■ Collected material
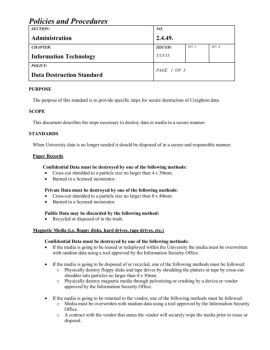 Policies and Procedures SECTION: Administration NO. 2.4.49. CHAPTER: Information Technology ISSUED: REV. B 3/13/13 REV. A POLICY: Data Destruction Standard
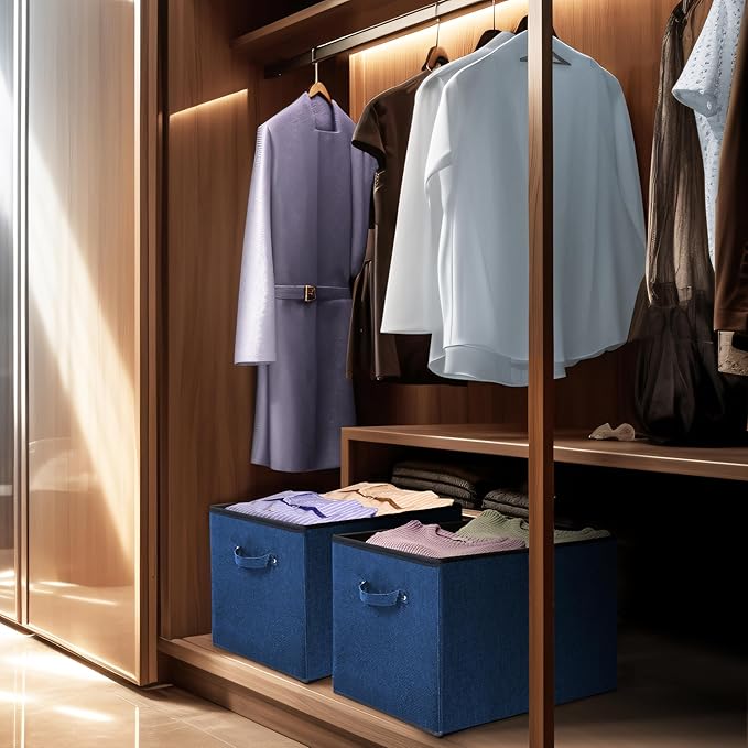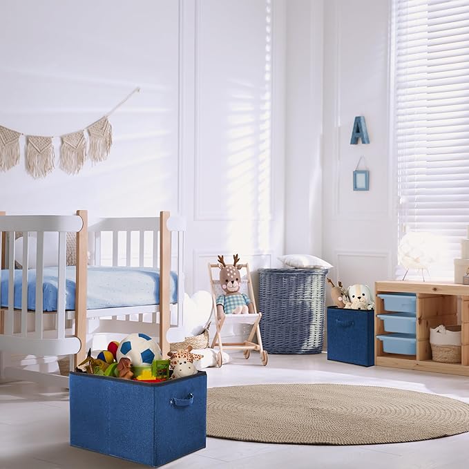 SIMPLE HOUSEWARE 15 x 13 Inch Collapsible Fabric Storage Bin with Handles, 2 Pack, Steel Blue
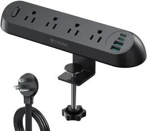 Desk Clamp Power Strip USB C PD 20W - Flat Plug 10ft Extension Cord, Surge Protector with 4 AC Outlets 4 USB Ports, 1700J, ETL Listed, Fits 1.97 inch Tabletop Edge, for Home Office, Black
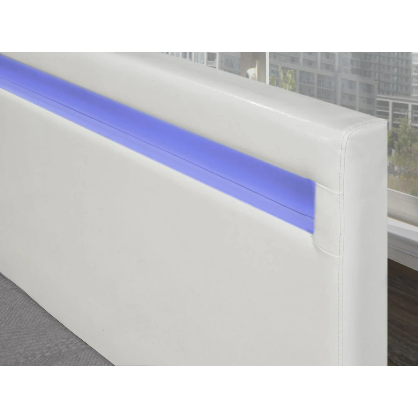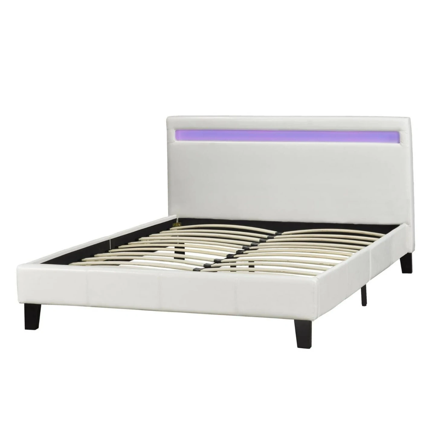 Modern white faux leather bed frame featuring a built-in LED headboard with multiple colour options. Slatted base provides mattress support. Simple assembly required.Pillow top queen mattress

■ Task goal
Pictures aside, transcribe exactly the lines from the line containing "SIMPLE HOUSEWARE 15" through the final line of the material above.

■ Output for this exercise
 SIMPLE HOUSEWARE 15 x 13 Inch Collapsible Fabric Storage Bin with Handles, 2 Pack, Steel Blue
 Desk Clamp Power Strip USB C PD 20W - Flat Plug 10ft Extension Cord, Surge Protector with 4 AC Outlets 4 USB Ports, 1700J, ETL Listed, Fits 1.97 inch Tabletop Edge, for Home Office, Black
 Modern white faux leather bed frame featuring a built-in LED headboard with multiple colour options. Slatted base provides mattress support. Simple assembly required.Pillow top queen mattress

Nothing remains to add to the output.